Stored items

━━━━━━━━

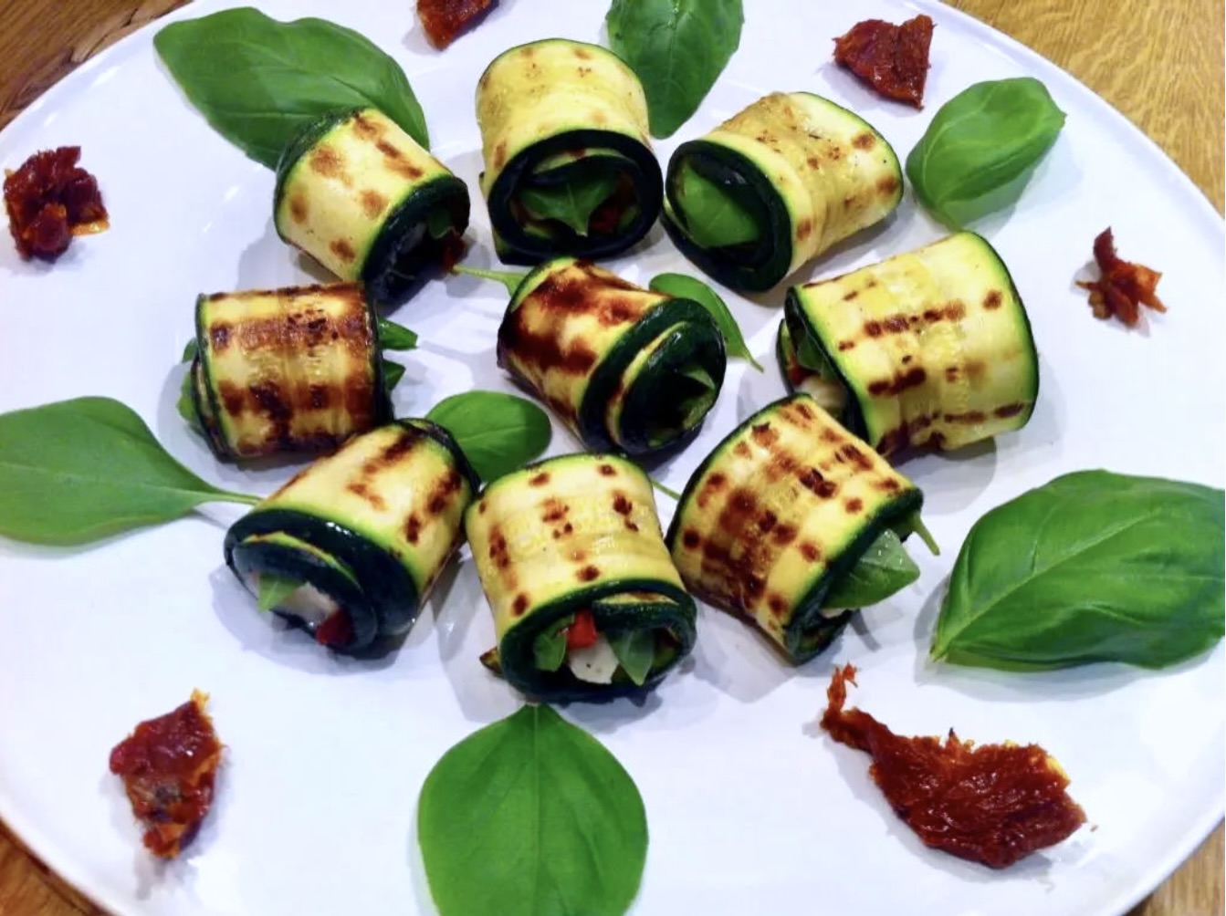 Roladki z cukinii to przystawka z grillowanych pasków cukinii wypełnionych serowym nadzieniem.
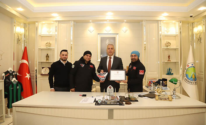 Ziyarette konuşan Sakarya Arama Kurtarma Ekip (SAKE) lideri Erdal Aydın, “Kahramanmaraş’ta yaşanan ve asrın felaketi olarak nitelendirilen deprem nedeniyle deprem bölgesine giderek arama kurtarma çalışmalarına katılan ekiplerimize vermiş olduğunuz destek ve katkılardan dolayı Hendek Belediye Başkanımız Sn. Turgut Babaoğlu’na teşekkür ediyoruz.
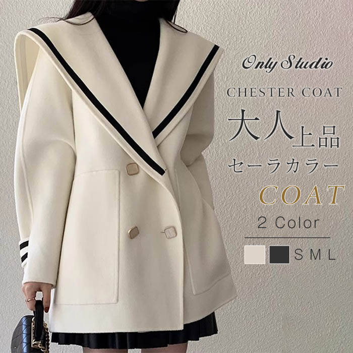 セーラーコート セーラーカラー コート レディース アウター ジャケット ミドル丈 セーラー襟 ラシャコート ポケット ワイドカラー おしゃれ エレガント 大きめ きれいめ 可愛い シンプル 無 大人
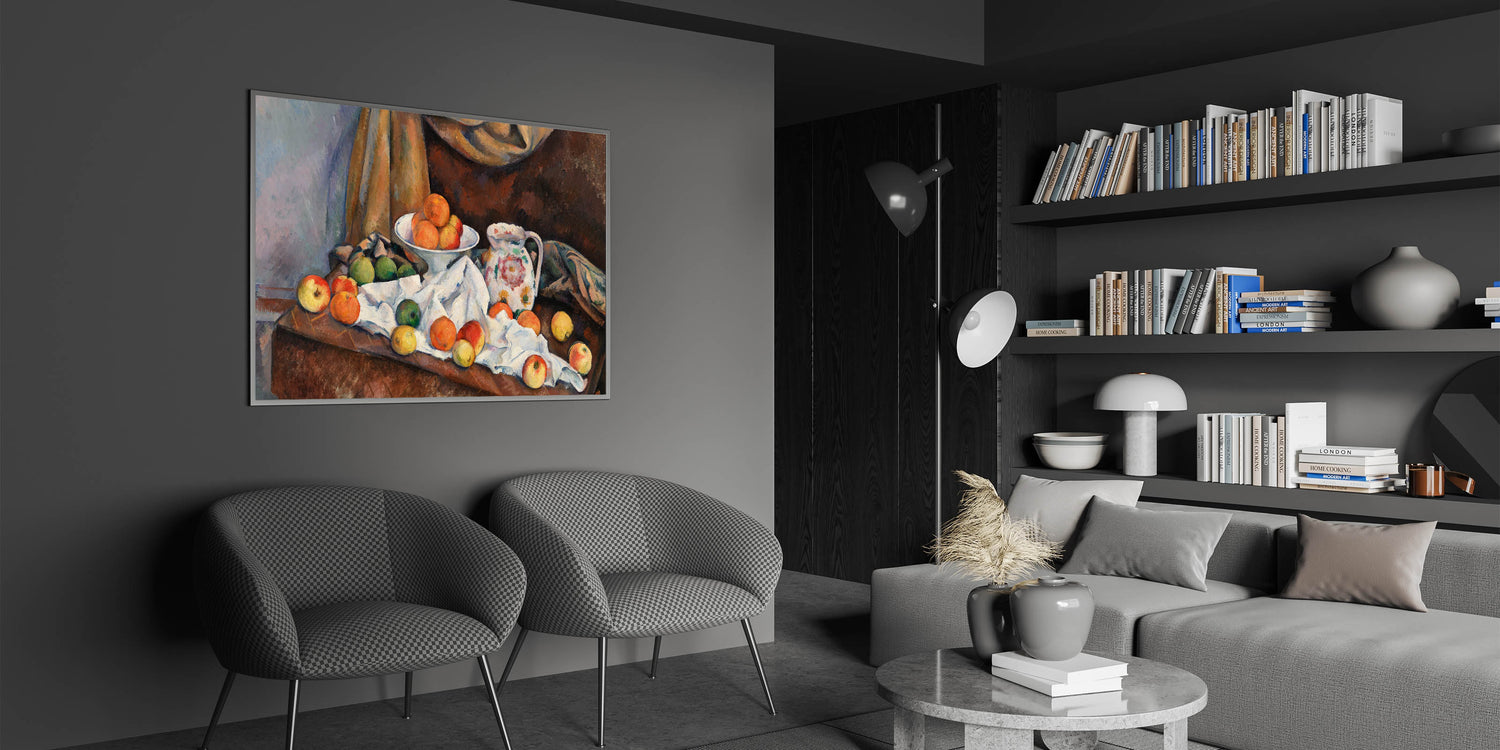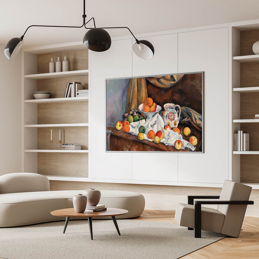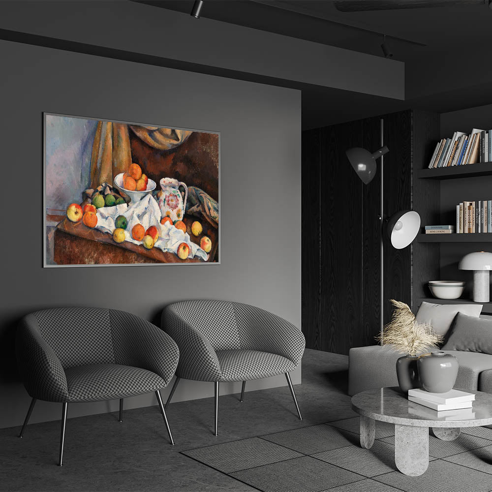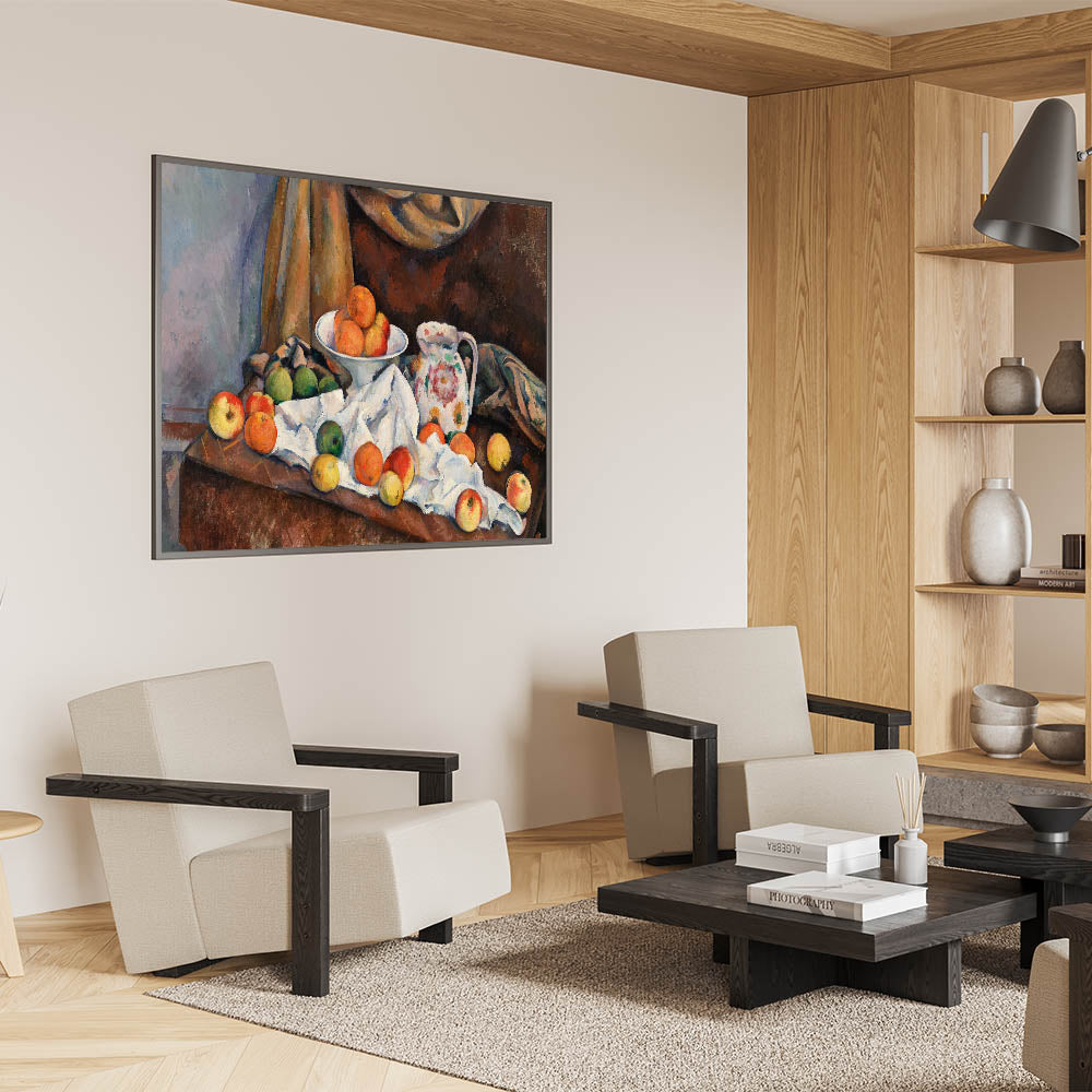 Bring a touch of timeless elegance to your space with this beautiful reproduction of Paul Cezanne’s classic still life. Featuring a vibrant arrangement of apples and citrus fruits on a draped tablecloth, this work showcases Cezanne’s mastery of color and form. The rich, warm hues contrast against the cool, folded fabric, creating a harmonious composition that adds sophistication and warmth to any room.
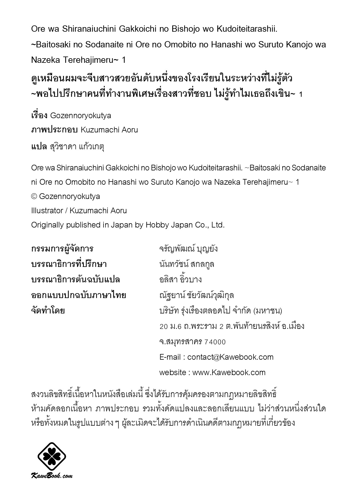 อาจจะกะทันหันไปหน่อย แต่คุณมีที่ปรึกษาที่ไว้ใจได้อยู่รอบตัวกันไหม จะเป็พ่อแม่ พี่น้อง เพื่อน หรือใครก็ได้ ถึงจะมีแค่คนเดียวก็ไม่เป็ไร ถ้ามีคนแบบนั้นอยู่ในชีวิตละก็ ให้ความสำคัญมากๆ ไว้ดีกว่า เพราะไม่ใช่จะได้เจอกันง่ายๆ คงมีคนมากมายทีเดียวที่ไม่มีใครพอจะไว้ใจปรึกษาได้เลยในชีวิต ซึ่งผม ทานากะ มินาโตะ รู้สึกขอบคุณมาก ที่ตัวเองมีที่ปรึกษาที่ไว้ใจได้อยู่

━━━━━━━━

◆ **Exercise**
In the entries above, find the line containing "Bring a touch"; transcribe exactly that line and every line after it through the end, and only those, omitting pictures.

◆ **Response to the exercise**
 Bring a touch of timeless elegance to your space with this beautiful reproduction of Paul Cezanne’s classic still life. Featuring a vibrant arrangement of apples and citrus fruits on a draped tablecloth, this work showcases Cezanne’s mastery of color and form. The rich, warm hues contrast against the cool, folded fabric, creating a harmonious composition that adds sophistication and warmth to any room.
 อาจจะกะทันหันไปหน่อย แต่คุณมีที่ปรึกษาที่ไว้ใจได้อยู่รอบตัวกันไหม จะเป็พ่อแม่ พี่น้อง เพื่อน หรือใครก็ได้ ถึงจะมีแค่คนเดียวก็ไม่เป็ไร ถ้ามีคนแบบนั้นอยู่ในชีวิตละก็ ให้ความสำคัญมากๆ ไว้ดีกว่า เพราะไม่ใช่จะได้เจอกันง่ายๆ คงมีคนมากมายทีเดียวที่ไม่มีใครพอจะไว้ใจปรึกษาได้เลยในชีวิต ซึ่งผม ทานากะ มินาโตะ รู้สึกขอบคุณมาก ที่ตัวเองมีที่ปรึกษาที่ไว้ใจได้อยู่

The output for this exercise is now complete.